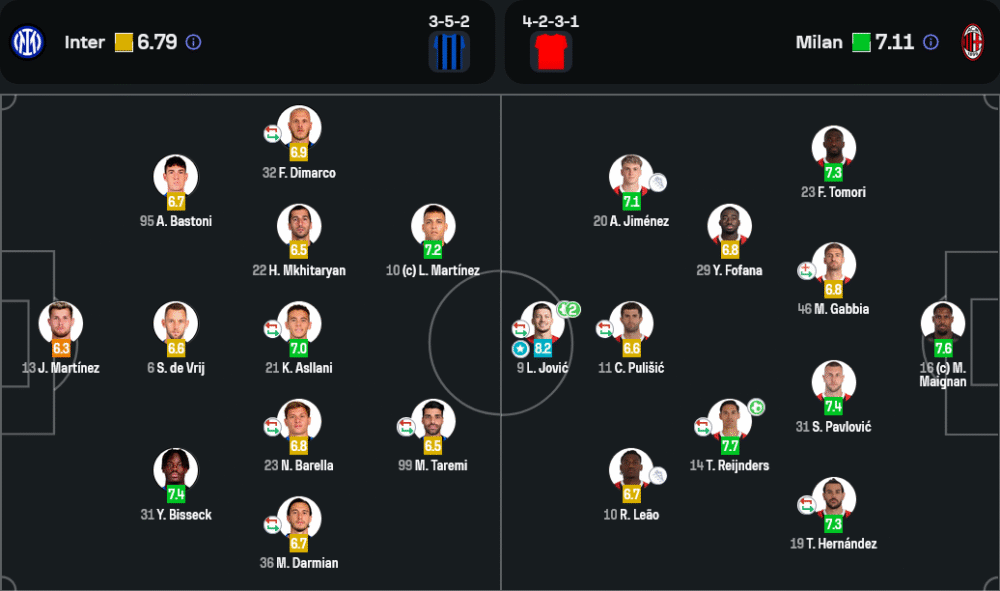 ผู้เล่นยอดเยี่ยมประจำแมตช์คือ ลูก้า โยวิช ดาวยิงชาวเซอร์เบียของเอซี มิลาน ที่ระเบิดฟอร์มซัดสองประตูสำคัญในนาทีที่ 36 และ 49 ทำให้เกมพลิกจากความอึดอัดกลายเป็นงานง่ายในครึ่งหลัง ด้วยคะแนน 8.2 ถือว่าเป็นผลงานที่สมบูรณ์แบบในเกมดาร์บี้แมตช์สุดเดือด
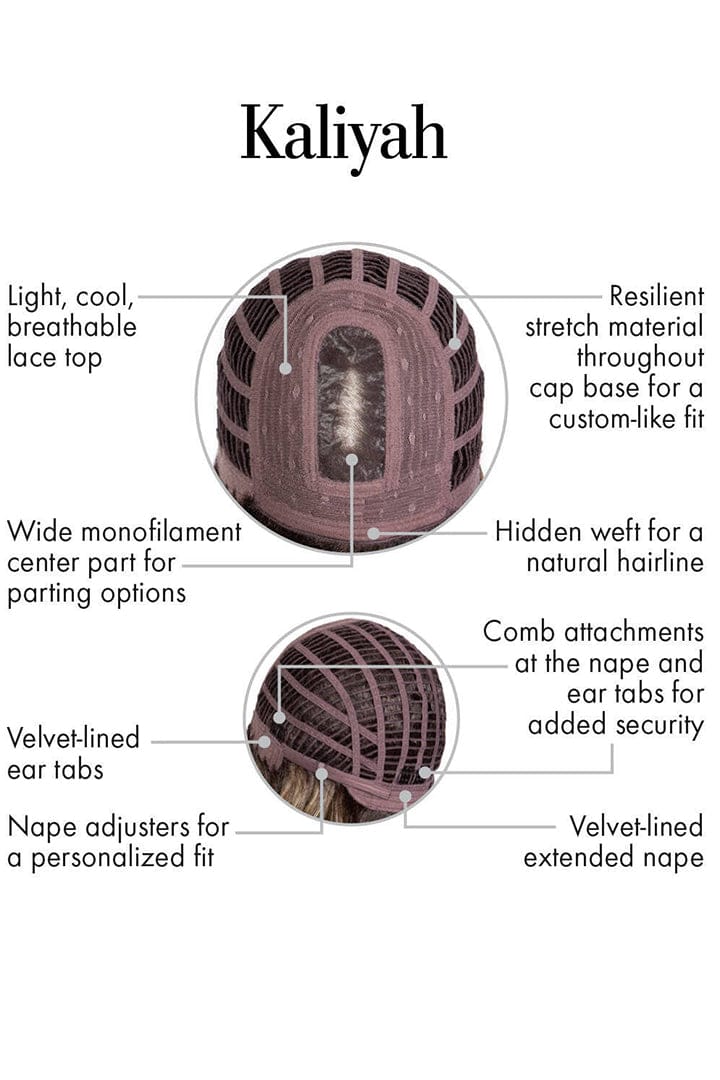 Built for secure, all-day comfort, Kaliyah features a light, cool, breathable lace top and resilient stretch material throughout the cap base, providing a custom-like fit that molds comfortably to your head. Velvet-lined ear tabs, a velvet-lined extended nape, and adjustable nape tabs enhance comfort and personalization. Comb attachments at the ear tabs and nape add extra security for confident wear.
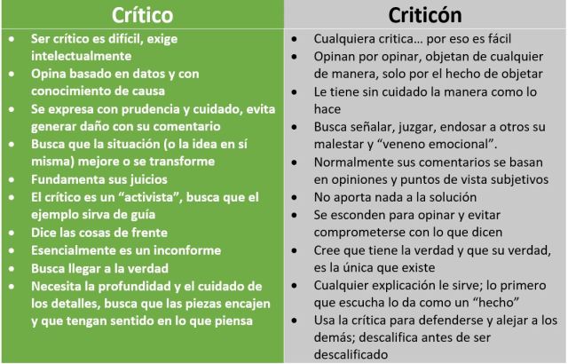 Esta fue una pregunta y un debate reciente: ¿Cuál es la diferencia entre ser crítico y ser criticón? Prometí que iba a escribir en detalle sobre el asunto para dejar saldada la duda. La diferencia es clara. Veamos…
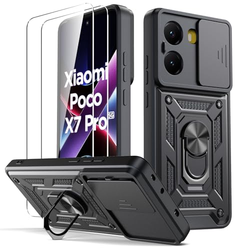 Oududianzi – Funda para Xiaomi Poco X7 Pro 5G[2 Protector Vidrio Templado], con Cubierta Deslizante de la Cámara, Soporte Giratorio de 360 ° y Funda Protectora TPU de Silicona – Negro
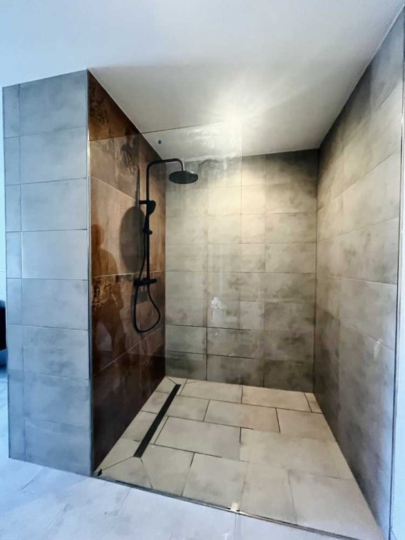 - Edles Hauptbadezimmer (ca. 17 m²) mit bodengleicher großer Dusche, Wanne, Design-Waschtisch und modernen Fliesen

--

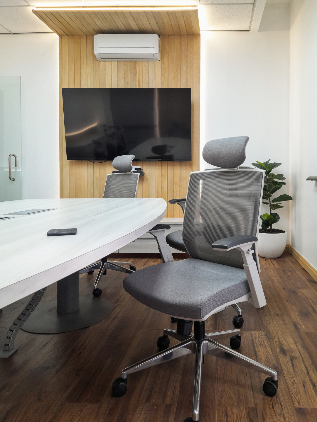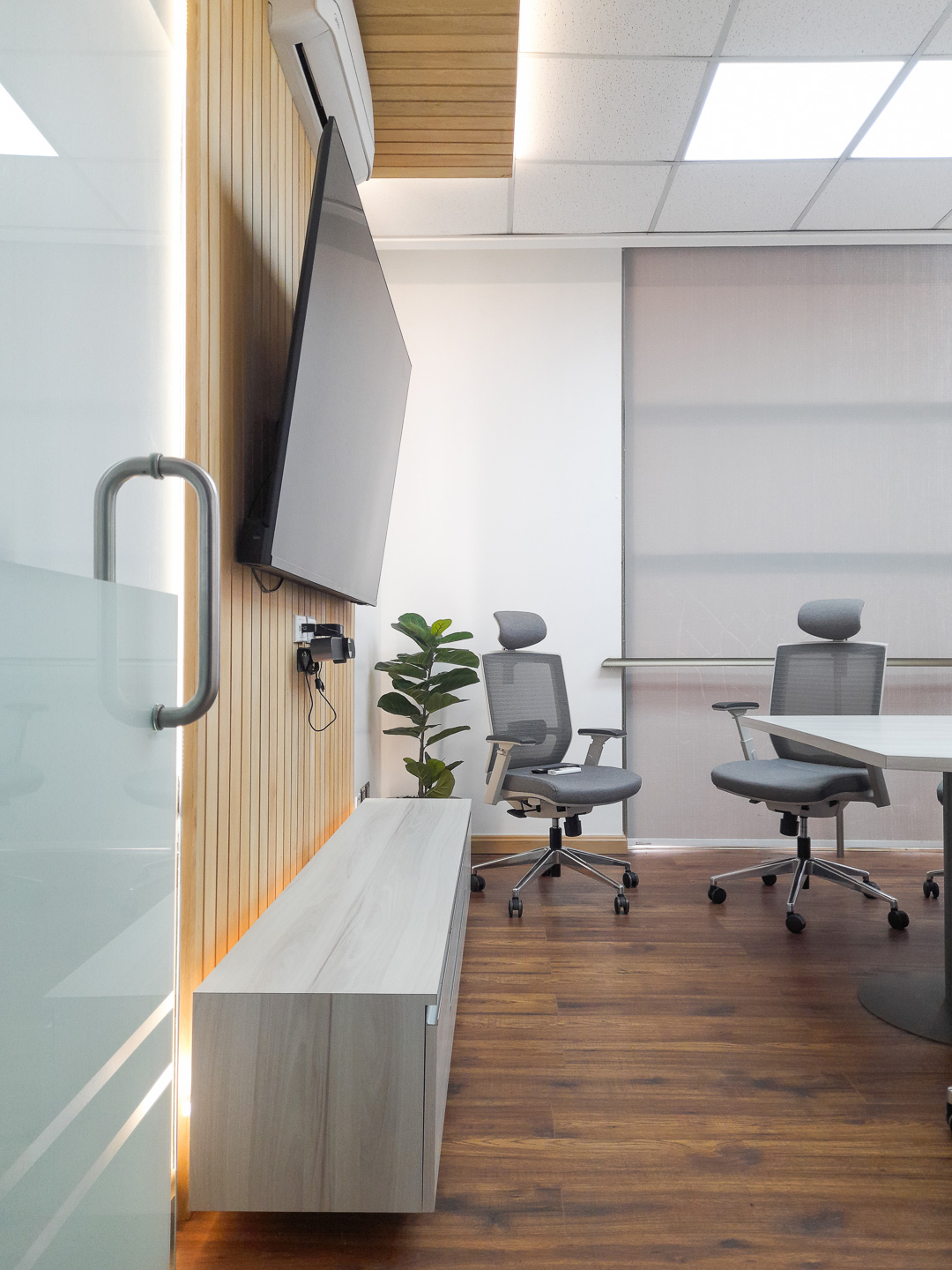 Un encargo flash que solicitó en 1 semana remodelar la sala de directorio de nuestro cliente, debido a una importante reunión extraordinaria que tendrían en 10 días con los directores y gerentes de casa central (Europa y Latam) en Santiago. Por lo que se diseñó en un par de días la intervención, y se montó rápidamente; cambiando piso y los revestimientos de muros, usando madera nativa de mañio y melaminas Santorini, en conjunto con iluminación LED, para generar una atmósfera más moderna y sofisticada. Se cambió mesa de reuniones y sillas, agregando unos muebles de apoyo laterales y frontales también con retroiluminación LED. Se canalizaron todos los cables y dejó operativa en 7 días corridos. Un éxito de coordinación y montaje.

---

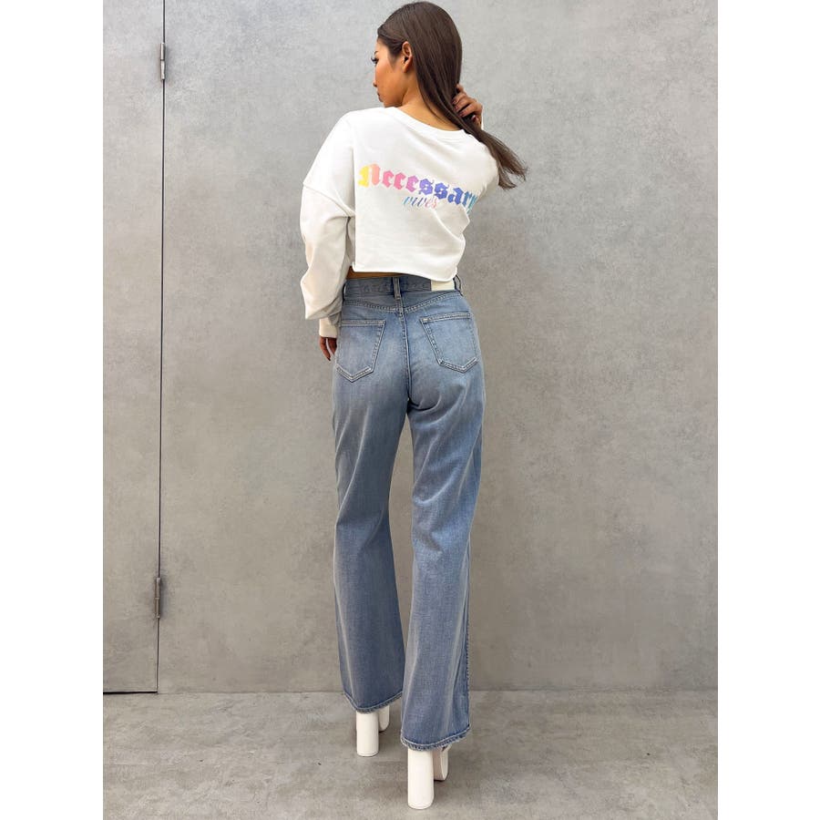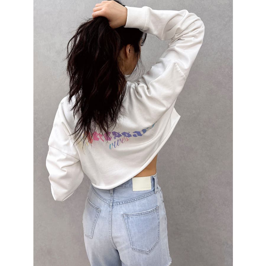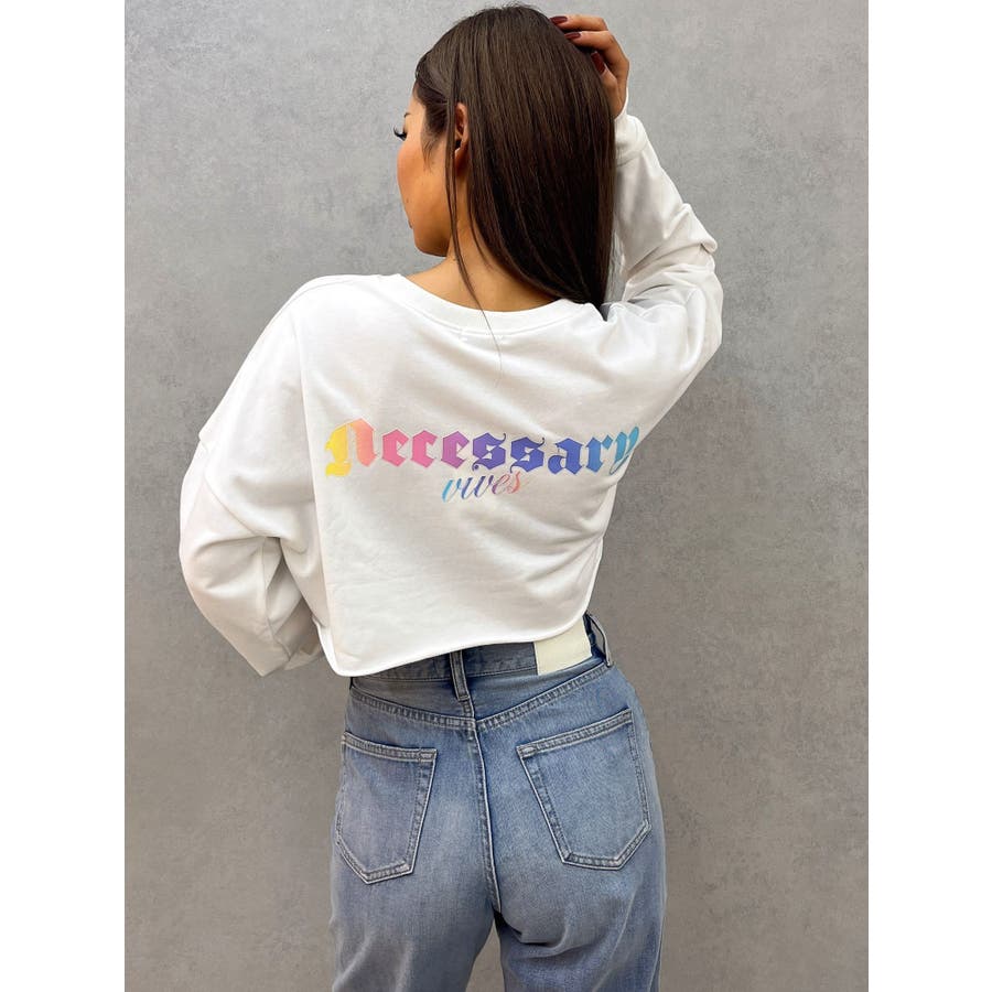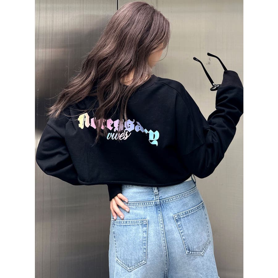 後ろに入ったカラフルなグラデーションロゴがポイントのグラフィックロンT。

## Requirement
In the records above, find the line with "Esta fue una". Print exactly from there through the line with "Oududianzi – Funda", minus the pictures.

## Result of this task
 Esta fue una pregunta y un debate reciente: ¿Cuál es la diferencia entre ser crítico y ser criticón? Prometí que iba a escribir en detalle sobre el asunto para dejar saldada la duda. La diferencia es clara. Veamos…
 Oududianzi – Funda para Xiaomi Poco X7 Pro 5G[2 Protector Vidrio Templado], con Cubierta Deslizante de la Cámara, Soporte Giratorio de 360 ° y Funda Protectora TPU de Silicona – Negro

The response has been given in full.